*Instructions to follow*
Word for word, restate the listing; omit the pictures.
START Data listing
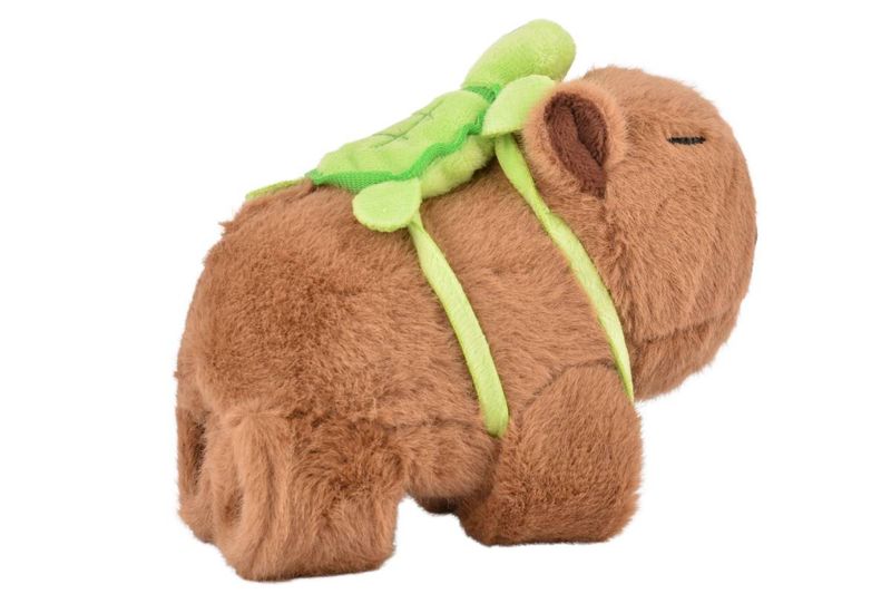 Peluche con diseño de capibara, suave al tacto y de tamaño compacto, ideal para regalar o decorar.
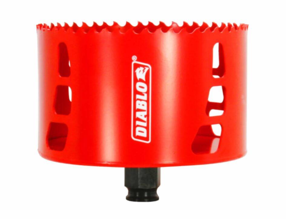 Diablos new, high performance hole saws deliver faster cutting performance and increased productivity. Unlike anything on the market, Diablos hole saw system and mandrel design simplify the attachment process for fast and efficient hole saw mounting. These radical new hole saws provide ultimate cutting length to bore deeper holes in a single pass, tool-free plug ejection and Variable Tooth Design for faster cuts.
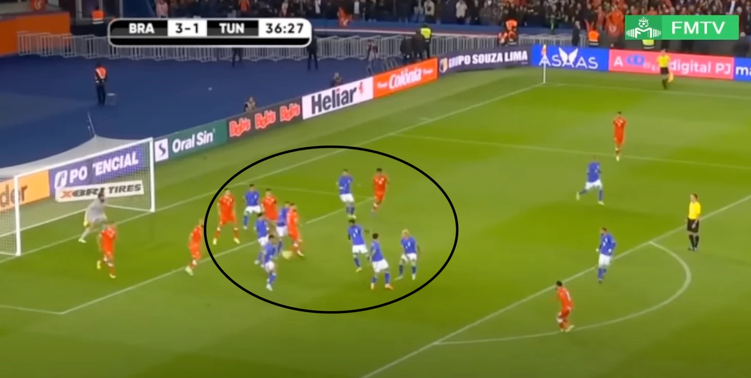 Когда ситуация не позволяет выкатить мяч на ворота, то внимание уделяется границе штрафной площади, где бразильские футболисты уже готовы принять мяч.
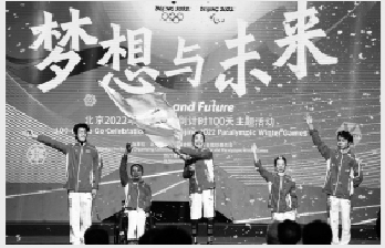 11月24日,北京2022年冬残奥会倒计时100天主题活动在北京举行,图为志愿者中的残疾人代表挥舞旗帜。
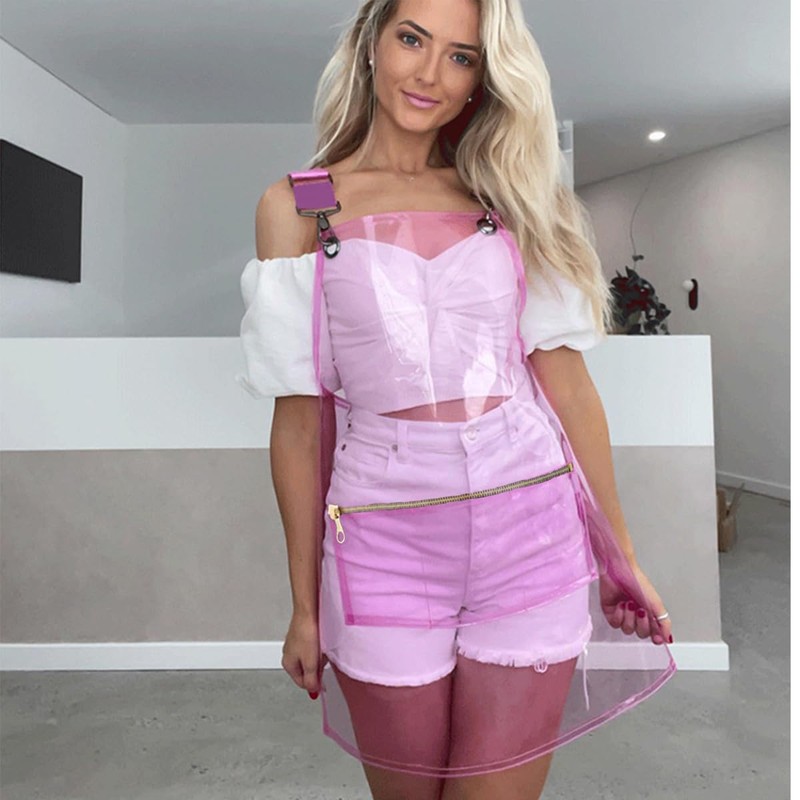 CHAILIQIANGG Transparent Waterproof TPU Apron with Pockets Women Men Work Apron Hairdressing Apron with Strap Oilproof and Easy to Clean Kitchen Apron, pink
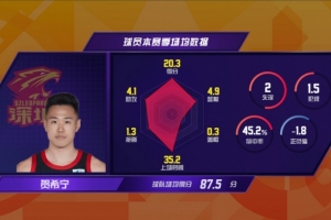 常規(guī)賽第二周周最佳球員賀希寧本場比賽發(fā)揮出色,他18次出手命中11球,得到賽季新高的29分。末節(jié)決勝時刻,賀希寧接管了比賽,他包辦了球隊最后12分中的10分。身體強壯的深圳后衛(wèi)先是突破造成付豪犯規(guī)打成2+1,隨后又在轉(zhuǎn)換進攻中上籃得手。最后1分20秒,賀希寧再次突破打成2+1,當(dāng)他站上罰球線時,主場球迷高喊起了“MVP”。
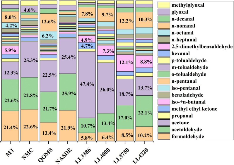 图2. 青藏高原墨脱(MT)、纳木错(NMC)珠峰(QOMS)、阿里(NASDE)鲁朗(LL)大气OVOCs组成特征。
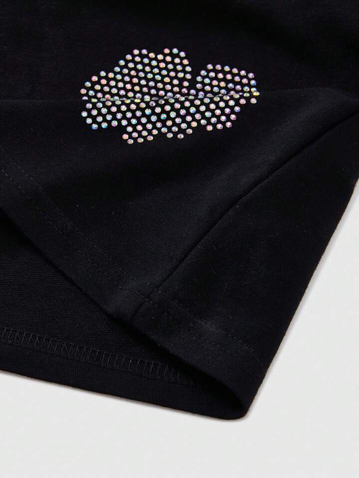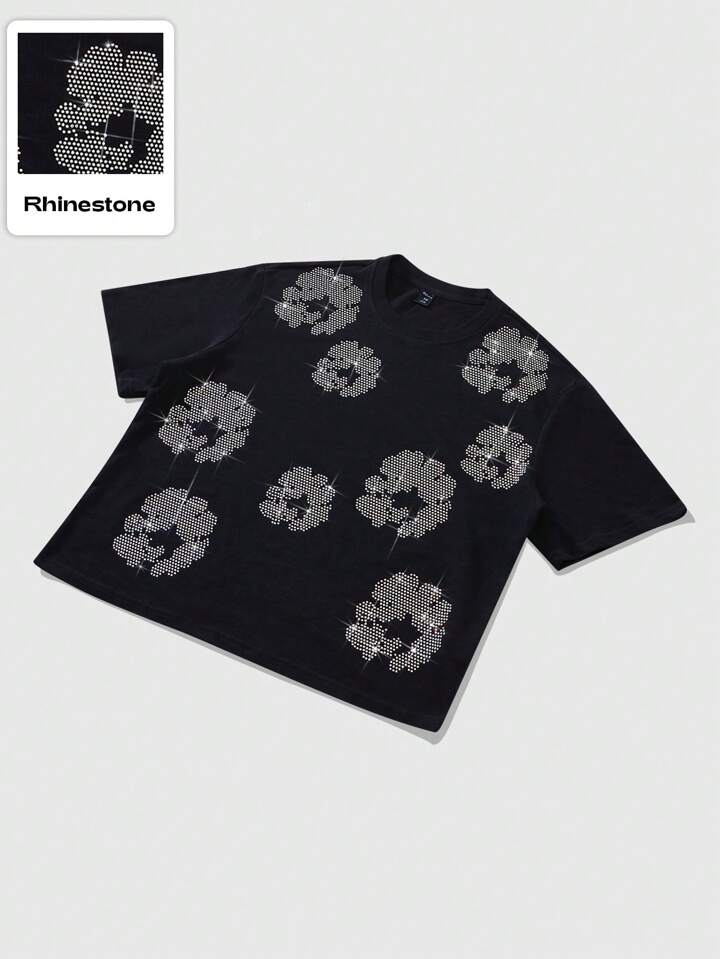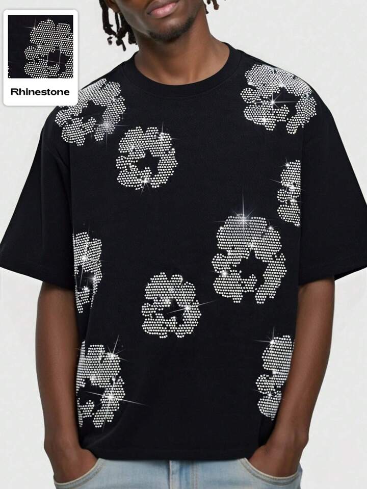 Street Life Street Men's American Floral Pattern Rhinestone Embellished Short Sleeve T-Shirt
END Data listing
*Solved exercise*
 Peluche con diseño de capibara, suave al tacto y de tamaño compacto, ideal para regalar o decorar.
 Diablos new, high performance hole saws deliver faster cutting performance and increased productivity. Unlike anything on the market, Diablos hole saw system and mandrel design simplify the attachment process for fast and efficient hole saw mounting. These radical new hole saws provide ultimate cutting length to bore deeper holes in a single pass, tool-free plug ejection and Variable Tooth Design for faster cuts.
 Когда ситуация не позволяет выкатить мяч на ворота, то внимание уделяется границе штрафной площади, где бразильские футболисты уже готовы принять мяч.
 11月24日,北京2022年冬残奥会倒计时100天主题活动在北京举行,图为志愿者中的残疾人代表挥舞旗帜。
 CHAILIQIANGG Transparent Waterproof TPU Apron with Pockets Women Men Work Apron Hairdressing Apron with Strap Oilproof and Easy to Clean Kitchen Apron, pink
 常規(guī)賽第二周周最佳球員賀希寧本場比賽發(fā)揮出色,他18次出手命中11球,得到賽季新高的29分。末節(jié)決勝時刻,賀希寧接管了比賽,他包辦了球隊最后12分中的10分。身體強壯的深圳后衛(wèi)先是突破造成付豪犯規(guī)打成2+1,隨后又在轉(zhuǎn)換進攻中上籃得手。最后1分20秒,賀希寧再次突破打成2+1,當(dāng)他站上罰球線時,主場球迷高喊起了“MVP”。
 图2. 青藏高原墨脱(MT)、纳木错(NMC)珠峰(QOMS)、阿里(NASDE)鲁朗(LL)大气OVOCs组成特征。
 Street Life Street Men's American Floral Pattern Rhinestone Embellished Short Sleeve T-Shirt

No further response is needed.